Мимикрия — страница 13 из 44

Глава 5

Время уже девять утра, но в доме темно и тихо. Мать обычно встает рано, но вчера я случайно удвоила ее дозу снотворного. Я уверена, что она будет спать до обеда, но все равно спускаюсь медленно. Ступеньки скрипят, и я каждый раз замираю на мгновение, чтобы вновь услышать тишину этого дома. Нет, я не боюсь встречи с матерью. Просто не считаю это нужным. Я для нее червивый плод, а она для меня… Мне сложно для нее подобрать подходящее слово. Она того не стоит.

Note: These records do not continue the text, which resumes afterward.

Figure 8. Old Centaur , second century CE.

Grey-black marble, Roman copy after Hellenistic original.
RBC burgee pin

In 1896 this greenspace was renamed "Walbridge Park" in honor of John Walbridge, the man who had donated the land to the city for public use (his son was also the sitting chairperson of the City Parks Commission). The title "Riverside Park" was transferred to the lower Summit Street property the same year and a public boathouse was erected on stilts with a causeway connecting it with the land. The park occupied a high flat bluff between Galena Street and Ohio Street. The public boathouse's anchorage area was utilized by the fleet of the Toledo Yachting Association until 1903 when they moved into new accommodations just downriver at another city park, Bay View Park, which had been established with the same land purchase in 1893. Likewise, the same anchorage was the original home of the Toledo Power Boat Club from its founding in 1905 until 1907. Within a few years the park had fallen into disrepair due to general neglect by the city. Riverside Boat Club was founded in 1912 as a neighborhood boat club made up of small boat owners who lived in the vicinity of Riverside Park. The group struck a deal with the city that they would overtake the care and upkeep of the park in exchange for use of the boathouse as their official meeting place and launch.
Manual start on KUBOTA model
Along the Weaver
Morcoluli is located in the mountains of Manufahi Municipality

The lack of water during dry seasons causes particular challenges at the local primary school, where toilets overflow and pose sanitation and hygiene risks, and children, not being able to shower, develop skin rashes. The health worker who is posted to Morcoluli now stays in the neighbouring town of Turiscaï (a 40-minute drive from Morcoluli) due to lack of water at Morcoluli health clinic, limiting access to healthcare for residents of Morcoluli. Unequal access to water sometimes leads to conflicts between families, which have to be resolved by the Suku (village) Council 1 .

Наконец я спускаюсь вниз. Теперь от парадной двери меня отделяют ровно десять шагов, и я делаю их с гордо поднятой головой. Назад пути нет. Я так сама решила. Открываю дверь и, уже не заботясь больше о тишине, позволяю ей с треском захлопнуться позади меня. Я хочу, чтобы этот звук навсегда впечатался в мою память как символ невозврата.

Глава 6

После того кровавого инцидента в баре ко мне домой для разъяснительной беседы приезжает офицер полиции. Он не обвиняет меня, скорее, просто сообщает, что Брина Кларк пытается меня оклеветать. Последнее слово дается ему особенно трудно. Репутация у меня в городе такая, что едва ли у кого-то еще остался шанс добавить в нее что-то новое. И все же Брина попыталась. Горжусь этой храброй девочкой. Даже после того, как я сломала ей нос и раскроила губу, она продолжает показывать мне свои зубы.

– Простите, но я не понимаю, о чем она говорит. В каком часу это случилось? – спрашиваю я, стараясь изобразить искреннее участие.

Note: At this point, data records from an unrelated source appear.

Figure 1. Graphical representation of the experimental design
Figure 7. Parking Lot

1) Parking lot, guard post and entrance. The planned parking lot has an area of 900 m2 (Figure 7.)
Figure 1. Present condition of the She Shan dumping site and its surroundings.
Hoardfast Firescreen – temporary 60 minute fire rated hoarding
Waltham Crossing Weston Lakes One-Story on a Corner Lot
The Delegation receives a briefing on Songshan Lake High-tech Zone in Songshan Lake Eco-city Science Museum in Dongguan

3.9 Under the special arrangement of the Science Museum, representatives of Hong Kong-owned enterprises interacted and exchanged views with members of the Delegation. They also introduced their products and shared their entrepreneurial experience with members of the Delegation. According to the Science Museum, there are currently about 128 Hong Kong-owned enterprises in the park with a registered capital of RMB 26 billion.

– В три пятнадцать, – отвечает он, сверяясь с записями.

Он буравит меня своими маленькими глазками. И я точно знаю, что он не верит ни одному моему слову. Он ненавидит меня так же, как и многие, а может быть, даже больше. Я не просто знаю его тайну, у меня есть видео, доказывающее его маленькую слабость. Этот идиот трахал меня в служебной машине, даже не потрудившись выключить камеру наблюдения внутри салона.

– Ой, ну она точно врет, – парирую я, прикрывая рот ладошкой. – В это время я собирала свои вещи в редакции. Я же уволилась, мне фермой отца теперь надо заниматься. Можете позвонить в газету, это все подтвердят. Простите, офицер, но в этот раз вы не по адресу.

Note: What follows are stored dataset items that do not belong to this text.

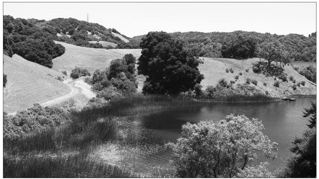
Oursan Trail and Briones Reservoir.

When the District last revised its Watershed Master Plan in 1995, a Citizens Advisory Committee studied the issue of whether to
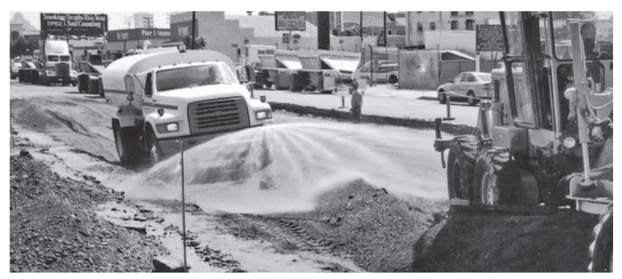
Moistening the fill before compaction.
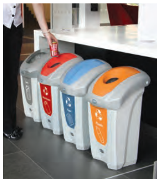
Nexus® 8G Recycling Bin
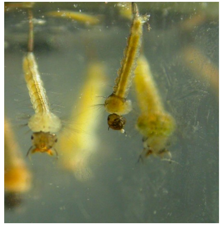
Figure 2. Larvae of mosquitoes suspended in pond water.

Mosquito eggs hatch into larvae, which are aquatic and need standing water to filter-feed on organic debris in the water (Figure 2). Mosquito larvae have a characteristic breathing tube. When startled, larvae wiggle away from the water's surface to seek protection in deeper water.
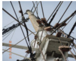
Before Photograph - Reference F3930 2014
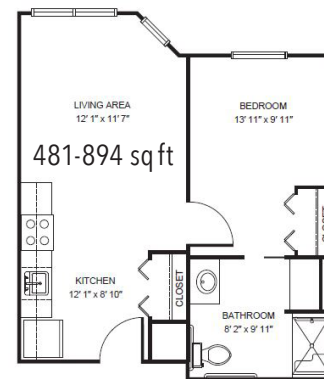
One Bedroom starting at.....$3,475
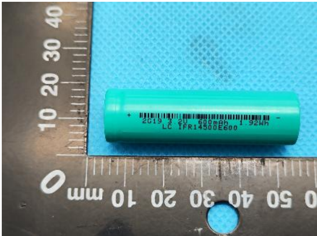
Cell /电芯 (IFR14500E600 3.2V 600mAh 1.92Wh)
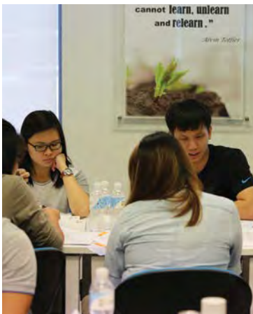
Peer-Assisted Learning (PAL) in session

Work with our advisors to improve your skills in written and oral presentation.
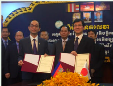
Conclusion of the memorandum
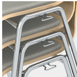
Stackable up to 9 chairs (with or without seat upholstery)
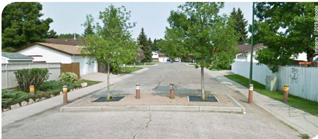
Figure 5.18 Coppermine Crescent and Churchill Drive (River Heights Neighbourhood)

Full closure is a barrier extending across the entire widths of a roadway that restricts all motor vehicle traffic movement from continuing along the roadway. The purpose of a full closure is to eliminate shortcutting or through traffic. It can be designed to allow pedestrian and cyclist access.

Тяжело вздыхая, он закрывает папку и зажимает двумя пальцами переносицу. Прикрывает глаза. Разговоры со мной ему всегда даются особенно тяжело. Интересно, может быть, его мучает совесть? Может быть, он во всем этом винит себя? Хотя вряд ли! Такое жирное ничтожество не может думать головой. Только яйцами.

– Оставь ее в покое. Ладно? – наконец говорит он.

– Так ведь я ее даже пальцем не трогала, – продолжаю гнуть свое я.

– Знаешь, для всех будет лучше, если ты уедешь.

Мы стоим с ним на крыльце моего дома. И я чувствую, как мать подглядывает за нами через занавеску. Слышать она нас не может, но я все равно стараюсь держать себя в руках. Не повышаю голоса. Не ору. Это сложно.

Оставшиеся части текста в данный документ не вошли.